By Hu Weijia Source:Global Times Published: 2017/1/24 23:53:39

The State Grid Corp of China (SGCC) recently concluded a deal in which it took ownership of controlling stakes in Brazil's largest power distributor CPFL Energia SA. However, that is not the end of the story, but rather the beginning of another chapter in which SGCC will have to deeply ponder its overseas strategy for earning a profit in Brazil amid management problems in the country's power industry.

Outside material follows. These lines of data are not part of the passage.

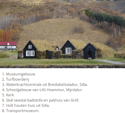 Het Openluchtmuseum heeft een grote site met voorbeelden uit vele perioden uit de IJslandse architectuurgeschiedenis.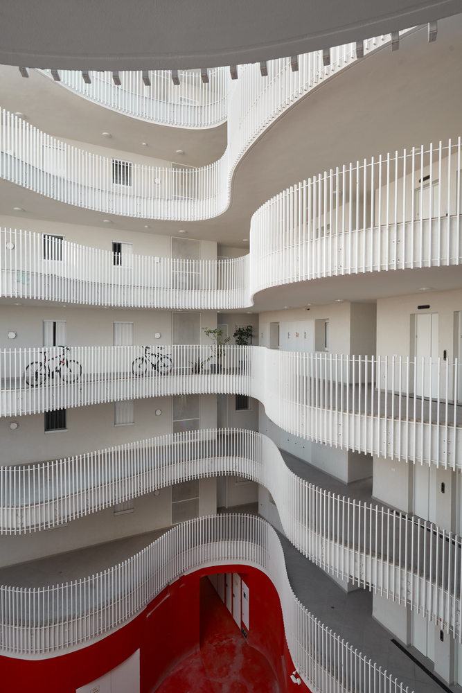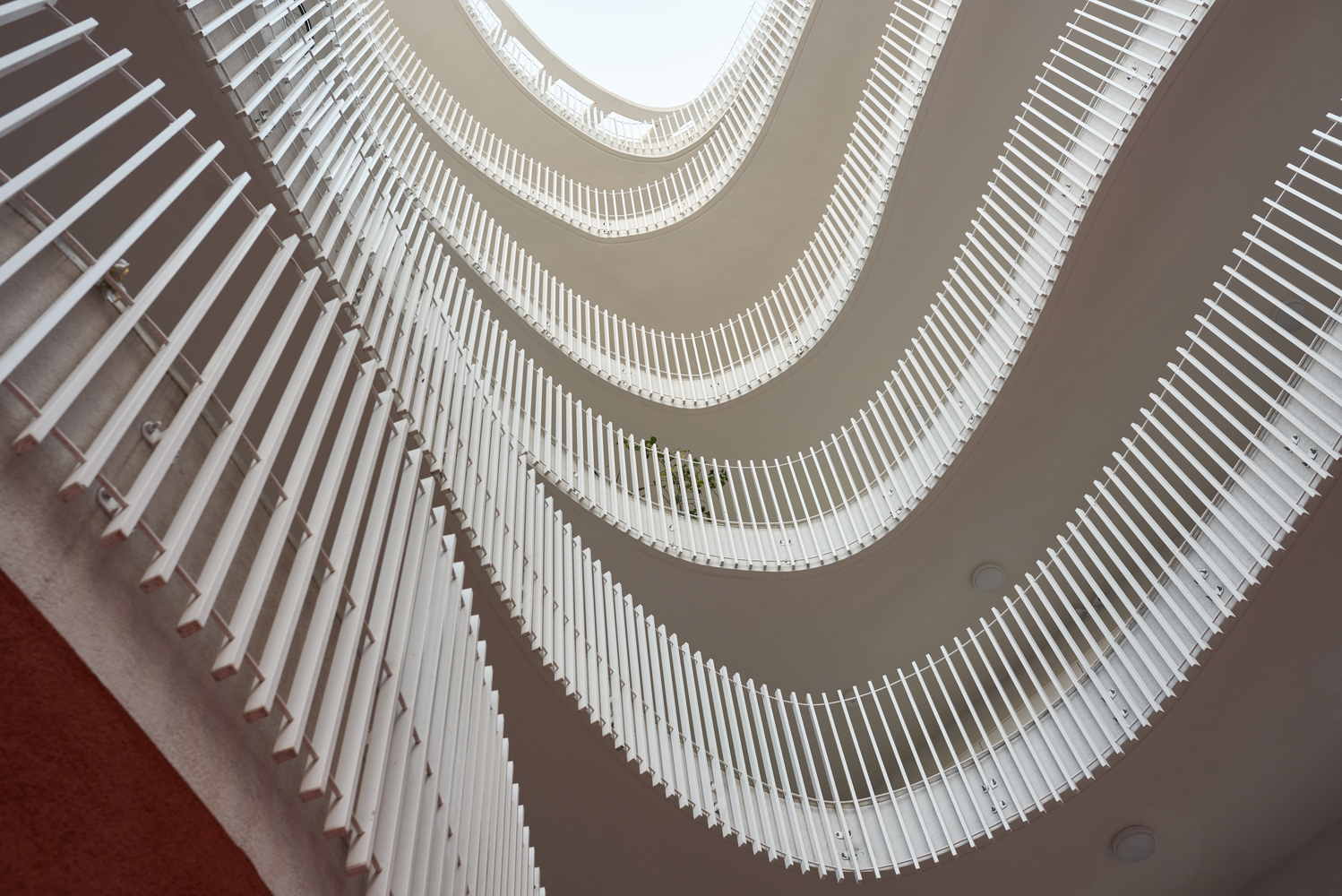 The new 6,400 m2 six-storey building introduces an inner courtyard, which becomes the focal area of the complex, allowing for large common balconies that are open to the sky. Fein 1 Central has a strong community character from its beginning since it was initiated and built as a co-op residential project. The apartment complex maintains a strong community spirit by featuring generous shared spaces, such as the red courtyard area and large curvaceous balconies that serve both as pathways and leisure spaces for residents. These meeting and gathering spaces are key elements in promoting and sustaining the residents’ community culture. The courtyard, apart from offering valuable community space, it also contributes to a more sustainable living, as it promotes low energy consumption by offering shading in the summer and penetration of direct sunlight in the winter.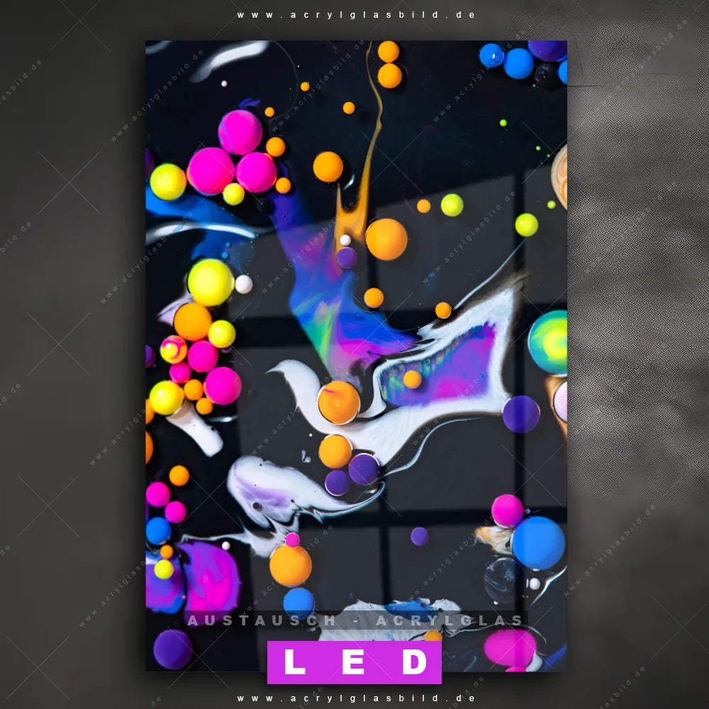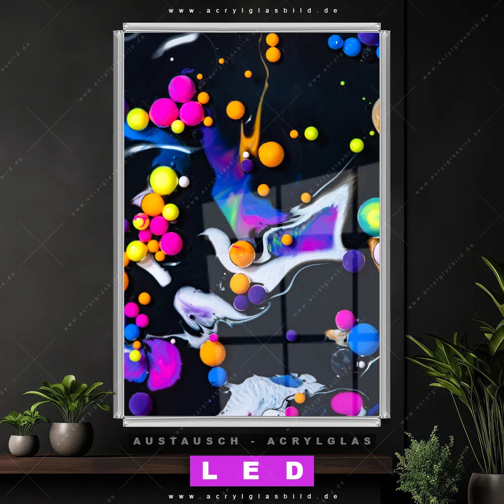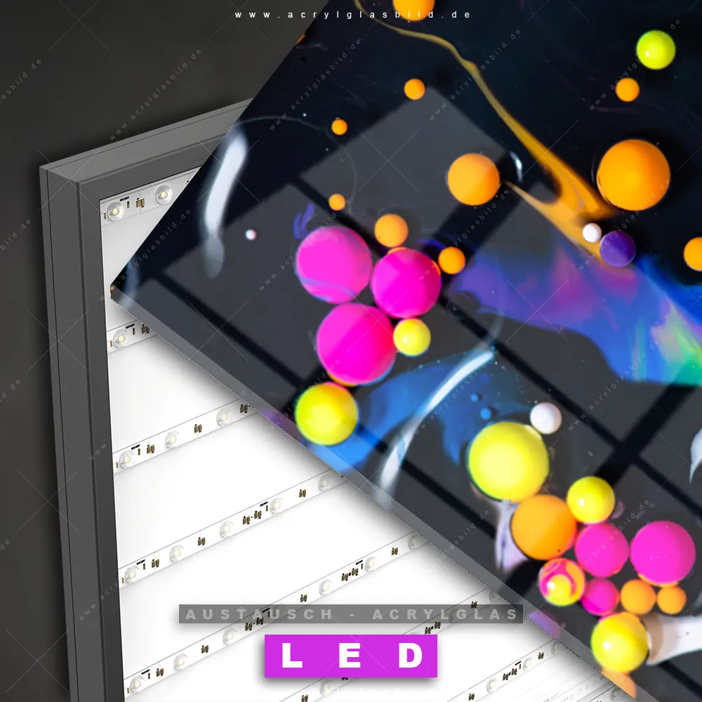 Begriffe wie Flüssigkeit, Acryl, flüssig, Farbe, Tropfen, Blasen, Kunst, Tinte, Fluid Art haben dich auf der Suche nach deinem neuen Austausch-Acrylglasbild inspiriert? Dann sollte das Wechsel-Acrylglasbild Farbkugeln für dein bereits vorhandenes LED Acrylglasbild Canvalight® DIA den Weg zu dir finden.

What this means is that China's experience in power project management will need to be introduced to the venture in addition to advanced technology and equipment. After dozens of projects built by Chinese firms, but operated by foreign companies failed to survive, some Chinese enterprises have adopted a build-operate-transfer or build-own-operate-transfer  model - which allows project proponents to operate and maintain facilities for a certain period - to finance overseas projects. Under these models, Chinese investors can make a profit through project management and can export their managerial experience to overseas markets.

One notable example is the Tazara railway in Tanzania and Zambia, which was built with the help of China in the 1970s. The railway has faced operating difficulties since 2013 and granting China a concession would inject new vigor into the project. China has accumulated valuable experience in railway operation as the country builds up one of the biggest and busiest rail networks in the world. Now Beijing hopes it can help re-energize the Tazara project by improving the management system and building an economic belt along the railway.

The SGCC should learn from these relevant experiences. The Chinese firm should not only introduce its advanced technology after it completes the takeover of CPFL Energia SA, but should also export its managerial experience to Brazil and play a role in the reconstruction of the country's power system in a bid to increase production efficiency.

China now leads the world in infrastructure investment and an inevitable result of this is that Chinese companies will begin exporting their managerial experience and industrial standards to overseas markets via outbound investment. It is foreseeable that Chinese firms may be embroiled in various disputes in overseas markets as they combine strategic infrastructure, such as power grids, railways and ports, with market appeal. The country should be prepared for difficulties as it promotes the "One Belt, One Road" initiative, but we believe that the smooth operation of projects such as SGCC's investment in Brazil will help eliminate public misunderstandings.